- [About this task]: Your output should be the lines below from the one holding "Как пояснялось выше, проксимальное" through the one holding "mịn sánh. |", transcribed exactly, with no pictures.

- [Dataset]:
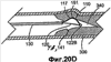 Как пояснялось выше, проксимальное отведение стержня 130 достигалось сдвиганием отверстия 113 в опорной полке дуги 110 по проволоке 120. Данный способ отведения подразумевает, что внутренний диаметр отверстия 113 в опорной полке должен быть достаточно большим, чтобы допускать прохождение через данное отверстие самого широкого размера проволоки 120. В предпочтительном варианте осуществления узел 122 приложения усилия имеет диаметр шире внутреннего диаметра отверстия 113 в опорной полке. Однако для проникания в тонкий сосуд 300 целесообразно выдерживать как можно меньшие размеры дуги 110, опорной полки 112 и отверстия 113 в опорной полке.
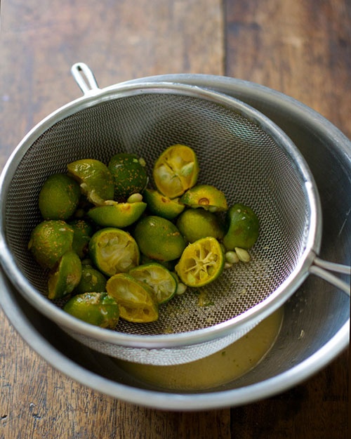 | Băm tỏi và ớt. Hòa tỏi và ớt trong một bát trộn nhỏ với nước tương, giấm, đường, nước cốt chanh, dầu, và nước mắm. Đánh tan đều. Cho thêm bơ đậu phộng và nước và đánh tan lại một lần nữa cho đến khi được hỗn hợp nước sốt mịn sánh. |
--
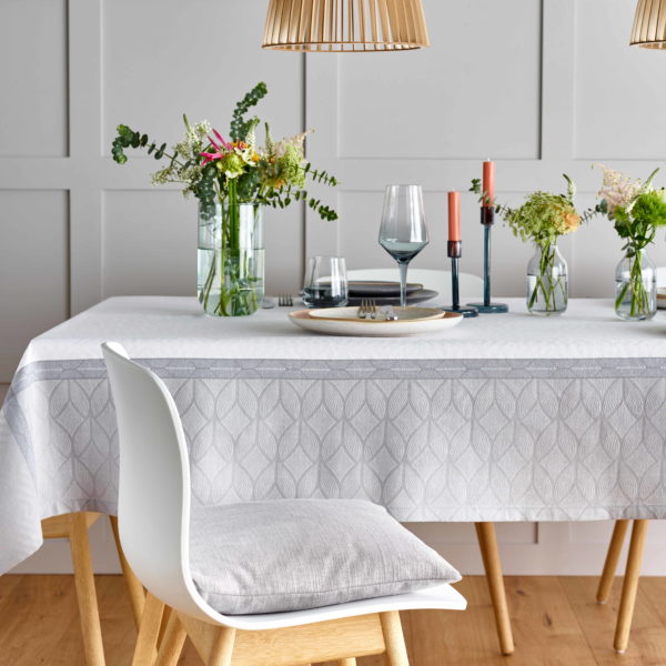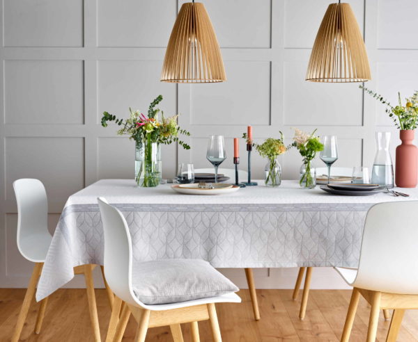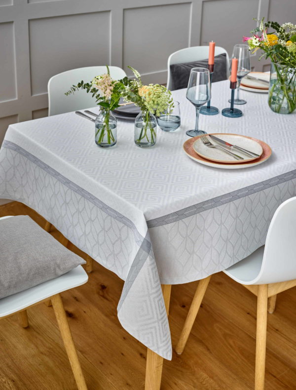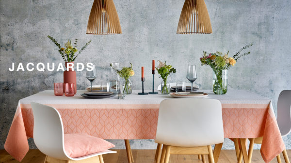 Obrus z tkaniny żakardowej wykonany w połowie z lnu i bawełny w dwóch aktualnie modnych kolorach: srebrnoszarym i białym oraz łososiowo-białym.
---
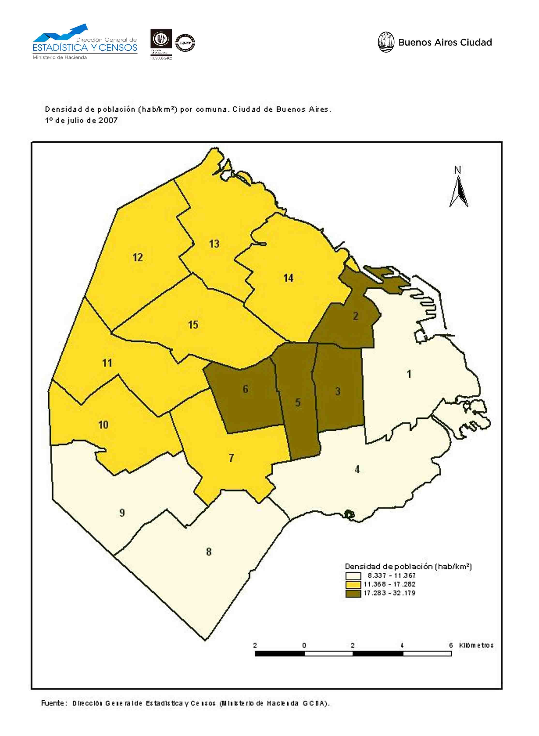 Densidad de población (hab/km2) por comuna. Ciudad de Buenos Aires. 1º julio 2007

- [Task result]:
 Как пояснялось выше, проксимальное отведение стержня 130 достигалось сдвиганием отверстия 113 в опорной полке дуги 110 по проволоке 120. Данный способ отведения подразумевает, что внутренний диаметр отверстия 113 в опорной полке должен быть достаточно большим, чтобы допускать прохождение через данное отверстие самого широкого размера проволоки 120. В предпочтительном варианте осуществления узел 122 приложения усилия имеет диаметр шире внутреннего диаметра отверстия 113 в опорной полке. Однако для проникания в тонкий сосуд 300 целесообразно выдерживать как можно меньшие размеры дуги 110, опорной полки 112 и отверстия 113 в опорной полке.
 | Băm tỏi và ớt. Hòa tỏi và ớt trong một bát trộn nhỏ với nước tương, giấm, đường, nước cốt chanh, dầu, và nước mắm. Đánh tan đều. Cho thêm bơ đậu phộng và nước và đánh tan lại một lần nữa cho đến khi được hỗn hợp nước sốt mịn sánh. |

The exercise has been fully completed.